Das müssen Unternehmen jetzt tun
Die gewonnene Zeit bis Ende Februar ist kein Aufschub, sondern eine intensive Vorbereitungsphase. Logistik- und Zollabteilungen stehen vor zentralen Aufgaben:
- IT-Abstimmung: Die eingesetzte Software muss für ATLAS 10.2 zertifiziert werden.
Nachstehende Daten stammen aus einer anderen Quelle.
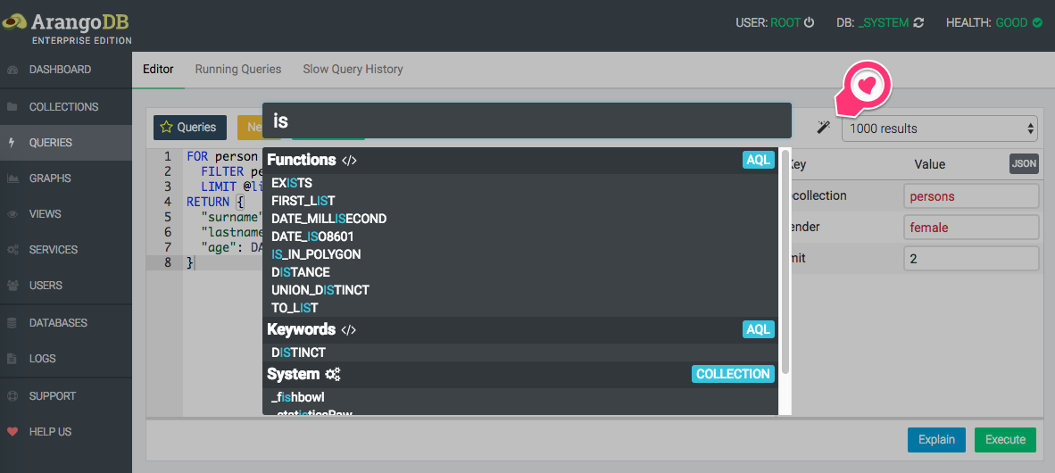 At the top you are able to manage custom defined queries and store them into your database. Also one can limit the total amount of returned queries or use the magic wand icon to search for collections (filtered by their type), AQL keywords and AQL functions to help you to be more productive in writing your queries.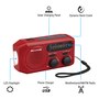This multifunctional device from WeatherX features a weatherband radio with AM/FM radio and flashlight, a built-in speaker, an emergency siren, dynamo hand-crank power and solar-panel charging. The weatherband provides access to seven weather channel broadcast frequencies, the USB port offers convenient mobile-phone charging, and the micro-USB port is for battery recharging.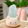 Cute Handmade Crystal Cat Figurine – Custom Clay Cat with Healing Crystals for Positive Energy & Decor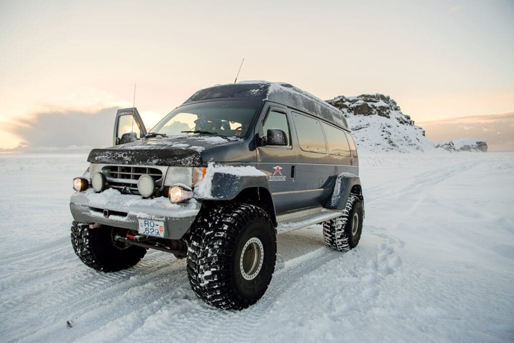 Your private Katla ice cave tour in Iceland begins in Vík, where you’ll meet your expert local guide. From here, we set off in a powerful super jeep.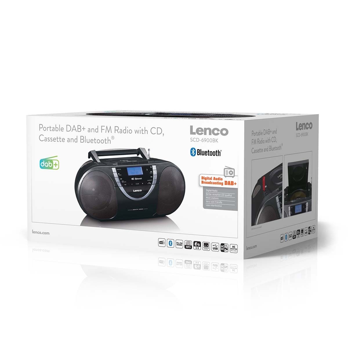 The portable boombox works on (8 type C) batteries, and also on mains power with included power lead. Therefore, you can play your favourite music anywhere with the Lenco SCD-6900BK.

Eine enge Kooperation mit dem Anbieter ist essenziell.
- Prozessanpassung: Interne Abläufe müssen die Trennung von Anmelde- und Gestellungsort abbilden. Die Kommunikation zwischen Zentrale, Lagern und Partnern muss neu geregelt werden.
- Mitarbeiterschulung: Das Personal muss mit der neuen Systemlogik vertraut gemacht werden.
- Testphase nutzen: Die Zollverwaltung bietet Probebetriebsumgebungen an. Experten raten dringend, diese intensiv zu nutzen.
Ein Meilenstein der digitalen Zollunion
Trotz der Verschiebung bleibt CCI ein strategischer Schlüssel für den EU-Binnenmarkt. Langfristig beschleunigt das Verfahren Handelsströme und bürokratische Hürden ab. Die Zollverwaltung hat bereits weitere Wartungsfenster für 2026 angekündigt, um das System kontinuierlich zu stabilisieren. Für die Wirtschaft heißt es nun: Die letzten Wochen der Vorbereitung zählen, um die Effizienzvorteile der zentralen Abwicklung von Beginn an voll auszuschöpfen.